Au ban des nations

La guerre déclenchée par le gouvernement des États-Unis contre l’Iran puis le Liban est un événement d’une gravité exceptionnelle. Personne ne peut verser une larme sur Ali Khamenei et son régime barbare, qui maintient depuis plus de 40 ans des règles inhumaines et archaïques au prix de massacres à répétition de son peuple, pas plus que sur ses alliés du Hezbollah ou du Hamas.

Ceci ne justifie en aucun cas qu’un chef d’État, quel qu’il soit, non seulement s’arroge le droit de décréter quels gouvernements des autres pays peuvent exercer ou non le pouvoir, à plus forte raison celui de les détruire à sa guise au moyen d’une violence inouïe. Le peuple iranien et ses droits sont d’ailleurs le dernier souci des agresseurs.
Dire qu’on déclenche une guerre parce qu’une guerre risquerait sinon peut-être d’avoir lieu est un sophisme poutinien de la pire espèce. Agresser l’Iran, c’est l’obliger à faire une guerre devant laquelle il a toujours reculé, parce qu’il n’en a pas les moyens.
C’est aux peuples de chaque pays qu’il revient d’en finir avec ses tyrans, et nous avons le devoir de les soutenir pour cela. Par tous les moyens, sauf ceux de décider à leur place et d’aggraver la situation des peuples par une intervention armée.
Trump et Netanyahou se sont une fois de plus totalement assis sur le droit international, y compris sur le droit de la guerre. Poutine les dénonce… et se marre. Si une action de force doit être menée contre un État, c’est aux instances internationales d’en décider et de la mettre en œuvre.

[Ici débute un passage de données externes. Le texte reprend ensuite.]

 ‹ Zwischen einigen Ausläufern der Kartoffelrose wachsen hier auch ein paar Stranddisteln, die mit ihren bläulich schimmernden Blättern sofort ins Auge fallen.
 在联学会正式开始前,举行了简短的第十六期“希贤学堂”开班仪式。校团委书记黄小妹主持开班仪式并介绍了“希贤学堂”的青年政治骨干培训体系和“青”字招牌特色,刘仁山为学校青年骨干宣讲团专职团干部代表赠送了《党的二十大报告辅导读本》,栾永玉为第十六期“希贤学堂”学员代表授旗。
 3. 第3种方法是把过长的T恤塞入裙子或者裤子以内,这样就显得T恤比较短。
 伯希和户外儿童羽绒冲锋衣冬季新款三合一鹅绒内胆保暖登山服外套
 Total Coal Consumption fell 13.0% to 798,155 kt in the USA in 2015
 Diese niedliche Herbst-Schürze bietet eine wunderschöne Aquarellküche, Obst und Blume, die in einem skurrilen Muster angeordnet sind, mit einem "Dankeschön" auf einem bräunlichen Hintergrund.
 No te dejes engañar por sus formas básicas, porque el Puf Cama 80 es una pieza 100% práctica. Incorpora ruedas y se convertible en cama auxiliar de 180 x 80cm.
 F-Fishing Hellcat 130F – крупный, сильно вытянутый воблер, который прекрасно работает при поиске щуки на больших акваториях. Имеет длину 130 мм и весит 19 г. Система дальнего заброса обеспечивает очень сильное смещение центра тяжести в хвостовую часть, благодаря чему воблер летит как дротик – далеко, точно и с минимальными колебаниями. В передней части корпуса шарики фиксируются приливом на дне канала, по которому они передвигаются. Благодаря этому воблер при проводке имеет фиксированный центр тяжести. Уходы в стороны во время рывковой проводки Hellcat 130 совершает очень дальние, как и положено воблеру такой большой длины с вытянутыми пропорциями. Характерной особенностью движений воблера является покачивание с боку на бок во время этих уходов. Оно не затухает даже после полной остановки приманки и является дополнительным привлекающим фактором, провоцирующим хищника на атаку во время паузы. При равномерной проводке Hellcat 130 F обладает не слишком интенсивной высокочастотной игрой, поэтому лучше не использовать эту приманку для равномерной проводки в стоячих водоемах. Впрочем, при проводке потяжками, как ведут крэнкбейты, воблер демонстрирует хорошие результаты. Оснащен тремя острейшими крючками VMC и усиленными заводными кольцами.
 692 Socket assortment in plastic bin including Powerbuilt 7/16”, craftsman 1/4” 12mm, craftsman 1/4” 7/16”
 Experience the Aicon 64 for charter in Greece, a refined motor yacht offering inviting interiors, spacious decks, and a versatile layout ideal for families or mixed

Tranchant avec les réactions dignes du secrétaire de l’ONU, de l’Espagne, de la Chine, du Sénégal, de l’Afrique du Sud… celles des gouvernements français, allemand, britannique et de la Commission européenne sont lamentables. Aucun d’eux n’a été fichu de condamner une action militaire contrevenant à tous les principes du droit international — comme du reste du droit étatsunien —, pire, ils la soutiennent de fait : ils sont « consternés » par des réactions militaires iraniennes « disproportionnées » ! Certes, celles-ci ne sont pas plus légitimes contre les pays du Golfe que l’est l’agression israélo-étatsunienne. Mais il faut ne pas avoir le moindre sens commun pour penser que cette agression militaire aventuriste et probablement calamiteuse (voir les désastreux précédents : irakien en 2003, dont elle reprend la rhétorique fallacieuse sur les armes de destruction massive, sinon les mots ; et libyen en 2011) pourrait générer autre chose qu’un engrenage de violences et un chaos dont il est difficile de prévoir l’issue.
Toujours, les droits de douane « réciproques » (sic), à tout propos et hors de propos. Hier, le Venezuela. Aujourd’hui, l’Iran. Demain, Cuba. Etc. — je ne parle même pas de la Palestine. À défaut d’arrêter sans délai Donald Trump, pour cause de véto au Conseil de sécurité, les peuples du monde doivent mettre les États-Unis et Israël au ban des nations. La France ne doit pas y faire défaut.